Stefano Castelli
Luca Piovaccari
L’uomo contemporaneo è mancante sotto il profilo dell’esperienza. Il vissuto e la visione sono ologrammatici: non si esperiscono compiutamente le cose e le situazioni, si è spettatori un po’ attoniti, guardoni che spiano da dietro una lente. Tale filtro della visione, che si frappone tra noi e le cose, è uno dei principali enjeu politici d’oggi: il filtro è uno degli ostacoli che rendono maggiormente difficile la definizione di un io individuale e sociale.
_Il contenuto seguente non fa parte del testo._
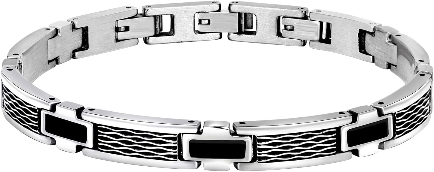 Bracelets for Men, Link Chain Stainless Steel Bracelet for Men, Charm Jewelry for Birthday Annivesary Fathers Day Valentines Christmas, Dad Husband Boyfriend,Casual Trendy Cool Adjustable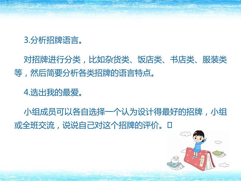3.分析招牌语言。 对招牌进行分类,比如杂货类、饭店类、书店类、服装类等,然后简要分析各类招牌的语言特点。 4.选出我的最爱。 小组成员可以各自选择一个认为设计得最好的招牌,小组或全班交流,说说自己对这个招牌的评价。
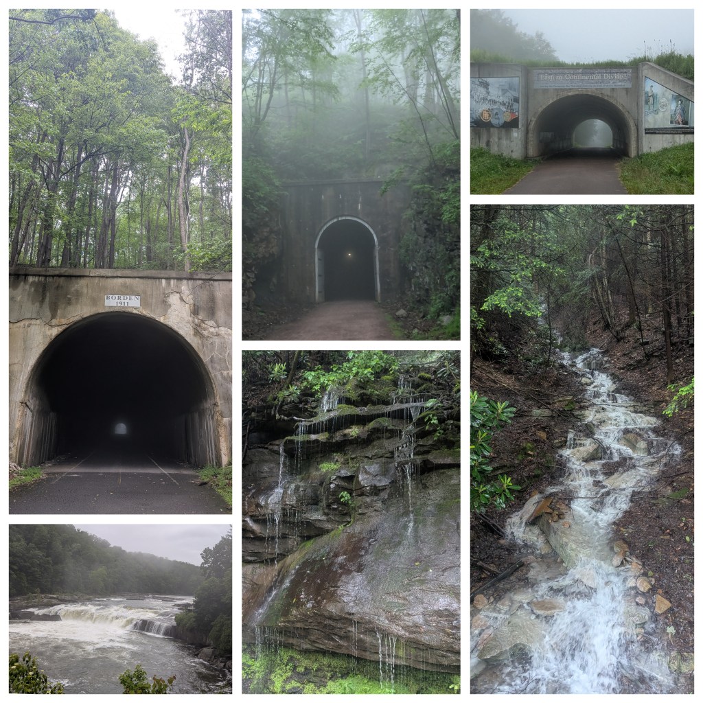 Foggy climb crossing the Mason-Dixon Line up the rest of the hill. Top of the hill is the Eastern Continental Divide and all the water on this side empties into the Gulf of Mexico. It was a long day of tunnels and waterfalls and an afternoon of riding in the rain. Very pretty. Very wet. π² 58 miles
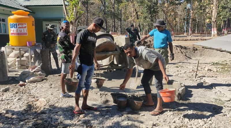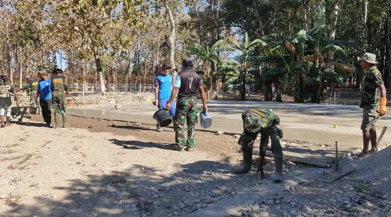Bangkitkan Budaya Olah Raga, Koramil 1605-01/Atambua Bangun Lapangan Serbaguna Bagi Warga
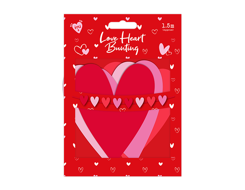 Celebrate love with our delightful Valentine’s Love Heart Bunting. Measuring 1.5 meters in length, this charming bunting features a series of vibrant, heart-shaped cutouts in a mix of red, pink, and white. Perfect for creating a romantic atmosphere, it’s an ideal decoration for Valentine’s Day parties, anniversaries, or intimate gatherings. The lightweight design makes it easy to hang across walls, windows, or mantelpieces, instantly adding a festive touch to any space. Whether you're decorating for a celebration or simply spreading love, this heart-shaped bunting is sure to make your Valentine’s Day extra special and full of cheer.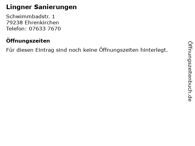 | Öffnungszeiten Lingner Sanierungen in Ehrenkirchen anzeigen | |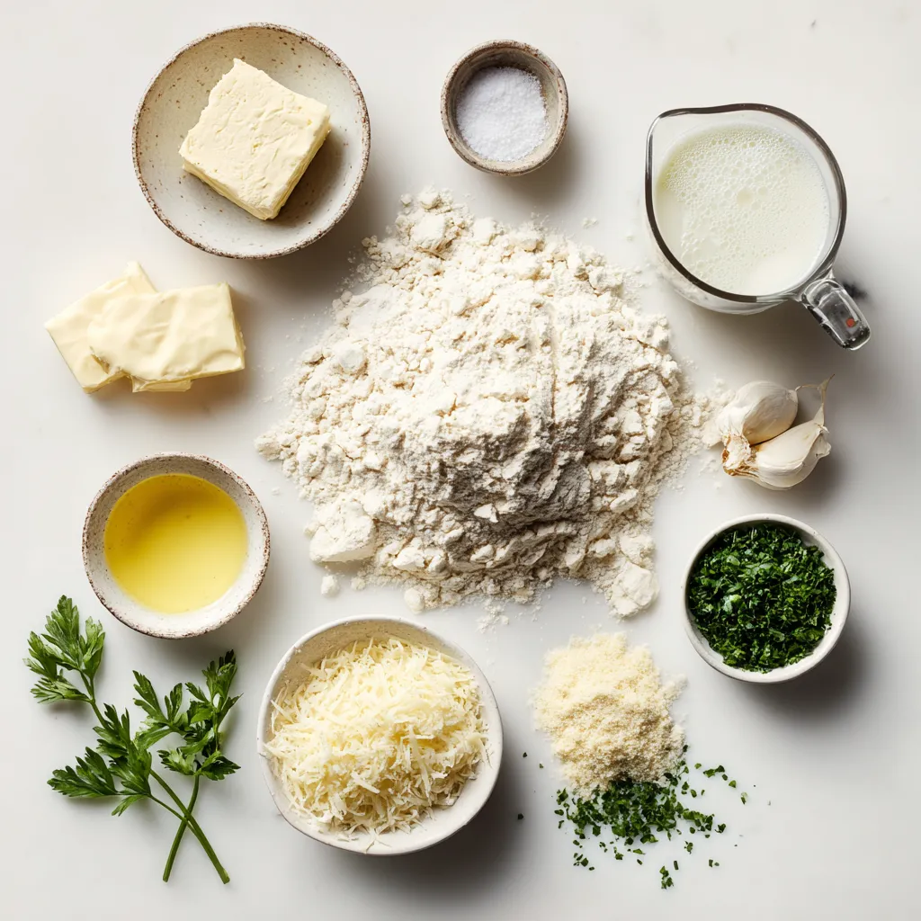 Für unser Knoblauch Parmesan Zupfbrot sind die Hauptzutaten wichtig. Weizenmehl gibt dem Brot den Körper. Trockenhefe bringt es zum Aufgehen. Zucker hilft der Hefe, aktiv zu werden. Salz gibt Geschmack. Warme Milch macht den Teig weich. Geschmolzene Butter fügt einen reichen Geschmack hinzu.

La “visione filtrata” è il principale soggetto dell’opera di Luca Piovaccari- e da questa considerazione deriva l’estremamente rilevante attualità del suo lavoro. Il paesaggio urbano e periferico come specchio dell’individuo; uno specchio infranto, che rimanda frammenti apparentemente ricomposti. Eppure pronti a riinfrangersi in mille pezzi se appena dovesse alzarsi un refolo d’aria.
Il mezzo è il messaggio: e se il mezzo è arrugginito -come dimostrano le zone di sovrapposizione che doppiano alcune zone- la produzione di senso sbocca inevitabilmente su una strada aleatoria.
Le foto di Piovaccari simboleggiano e decostruiscono il meccanismo del monitor: il paesaggio non è dato una volta per tutte, ma grazie alle sue “sbavature” –le sovrapposizioni, di nuovo- risulta trasmesso ripetutamente e infinitamente, secondo il meccanismo della trasmissione elettronica delle immagini.
Direttrici spaziali di sapore modernista, non fosse che non esiste alcun nodo focale, e che la superficie prende il sopravvento favorendo l’impressione di bidimensionalità. Immagine svilita (ologrammatica) ma anche portatrice di speranza (messaggio ripetuto e quindi rinnovato di attimo in attimo).
Un postmoderno lieve e non così tanto disperato.